** DATA RECORDS follows **

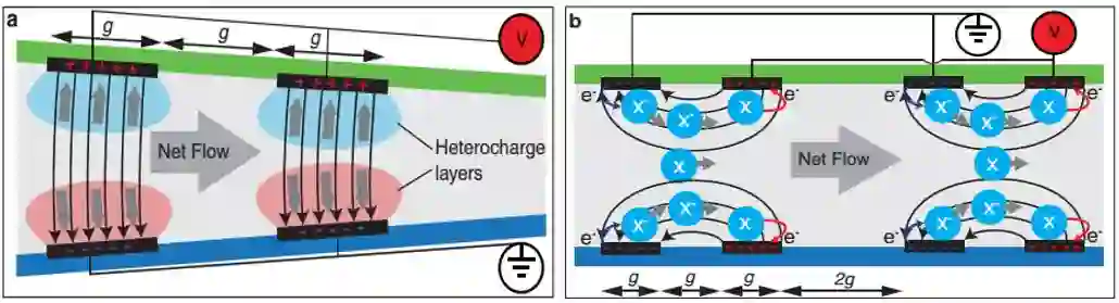产生的离子(X-)被电场加速,直到它们在阳极放电,沿着它们的路径拖动中性液体,从而导致流体流动。
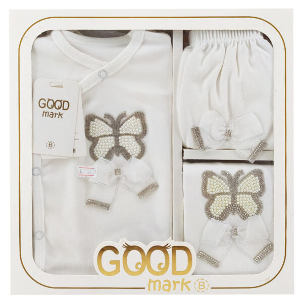 ست 5 تکه بیمارستانی نوزاد طرح پروانه و پاپیون شیری محصول برند ایرانی و با کیفیت شرکت گود مارک GoodMark می باشد.
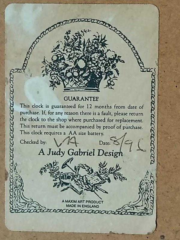AHŞAP İNGİLİZ ÜRÜNÜ DUVAR SAATİ. 1996 dan KALMA, AHŞAP İNGİLİZ ÜRÜNÜ DUVAR SAATİ. A JUDY GABRIEL DESING. KALİTELİ BASKI , MELEK TASVİRLİ. AHŞAP SAAT. DUVARA ASMALI yada MASA ÜSTÜNDEN KULLANIMA UYGUNDUR. SAAT MEKANİZMASI MALİSEF ZAMANA YENİK DÜŞMÜŞ ve YENİLENMİŞTİR. AHŞAP KISMI ORJİNAL ,ETİKETLİDİR. ÖLÇÜLERİ.. 38 x 28 cm Çekimden kaynaklı renk farkı oluşmaktadır
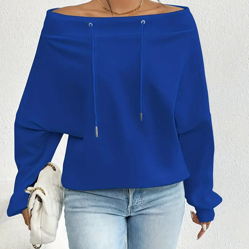 CHIQUE OFF-SHOULDER ONTWERP: Omarm moeiteloze elegantie met de off-shoulder halslijn, die een vleugje speelse verfijning toevoegt aan je casual look. Perfect om je elke dag stijlvol en zelfverzekerd te voelen.
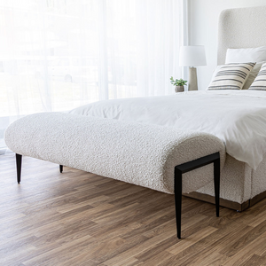 This modern bench just might be the perfect piece of furniture. Upholstered in a stylish off-white boucle fabric and featuring black metal legs, this bench adds a stylish finishing touch to your space. Dreamy at the end of a bed, dramatic in an entryway, and stunning as a dining bench, Fisher gives you endless possibilities.
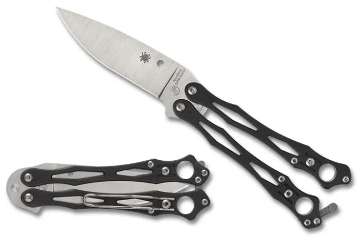 The original SmallFly was a uniquely different “spin” on the balisong, or Filipino butterfly knife. Now this remarkable design is back with an all-new full-flat-ground, drop-point blade profile crafted from CPM S30V. Like the original, it features skeletonized twin handles with full stainless steel liners and peel-ply-textured scales. The Round Holes at the butt end of both handles reflect Spyderco’s iconic trademark and help achieve optimal balance for high-speed manipulation. A spring-loaded latch attached to the “free” handle secures the handles together in the closed position, while the removable wire pocket clip may be attached to either side of both handles as both a carry option and tactile index.
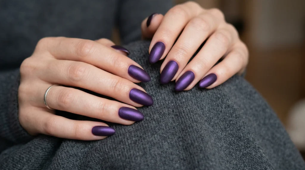 Start with a deep purple gel like Zoya Belinda, then layer a subtle metallic pigment on top. The finish depends entirely on blending. Too much pressure and it turns harsh. Too little and the effect disappears. A satin top coat instead of high gloss is the final step that changes everything — and it’s the one most people skip.
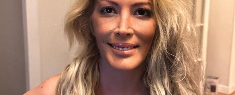 Mulher loira sorri para a câmera com cabelo ondulado e maquiagem leve. Ela usa uma blusa sem alças.
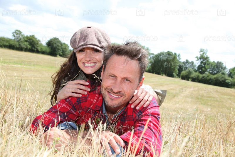 Счастливая пара, устанавливающий луг
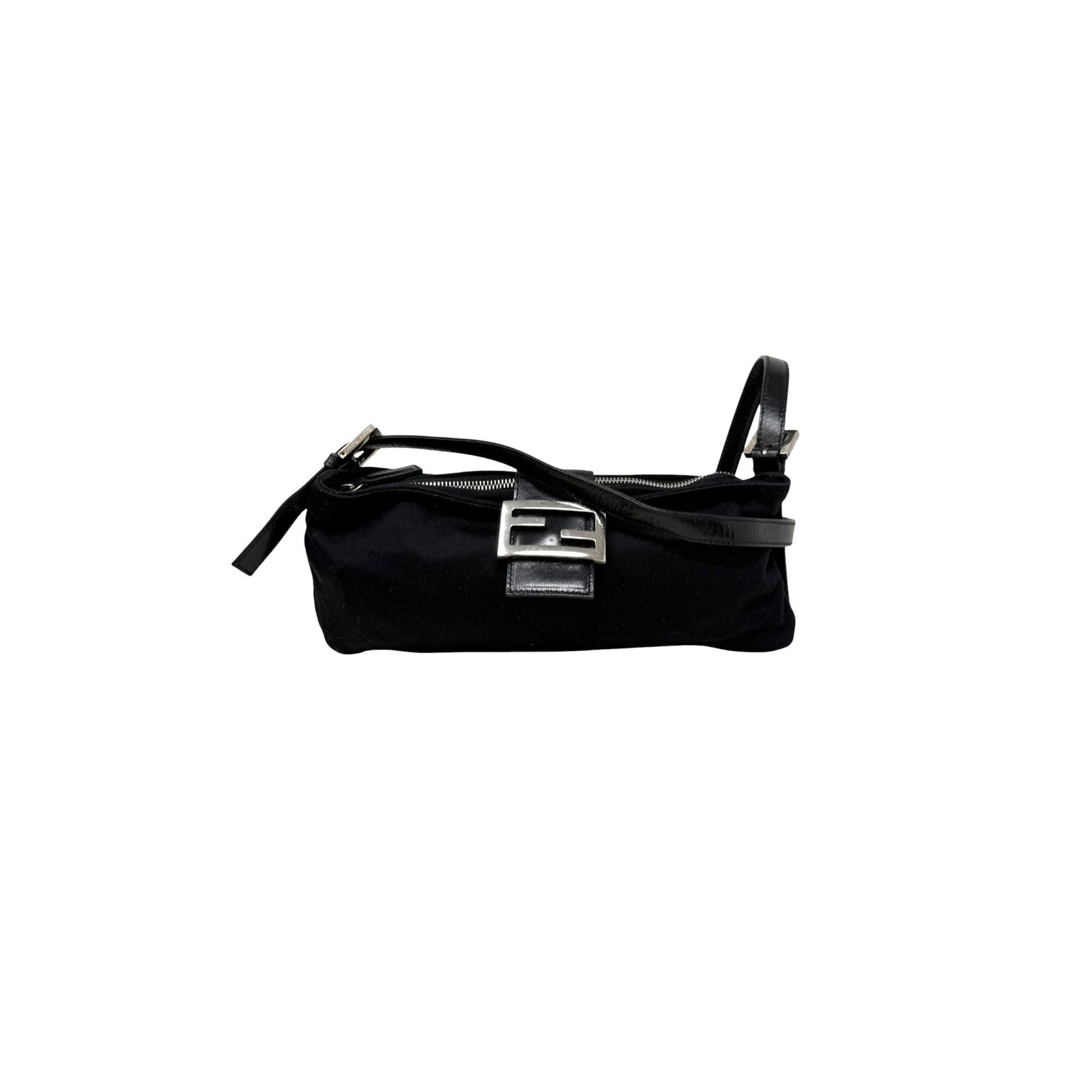 Elaborada en textil color negro. Herrajes plateados. Strap largo para usar crossbody o al hombro. Medidas: 29x11x3. Sin accesorios. Buen estado.

** End of DATA RECORDS **

--- WORK TASK ---
Please repeat the lines above from the line containing "Mulher loira sorri" through the final line, both included, exactly as they stand and without pictures.

--- EXERCISE OUTPUT ---
 Mulher loira sorri para a câmera com cabelo ondulado e maquiagem leve. Ela usa uma blusa sem alças.
 Счастливая пара, устанавливающий луг
 Elaborada en textil color negro. Herrajes plateados. Strap largo para usar crossbody o al hombro. Medidas: 29x11x3. Sin accesorios. Buen estado.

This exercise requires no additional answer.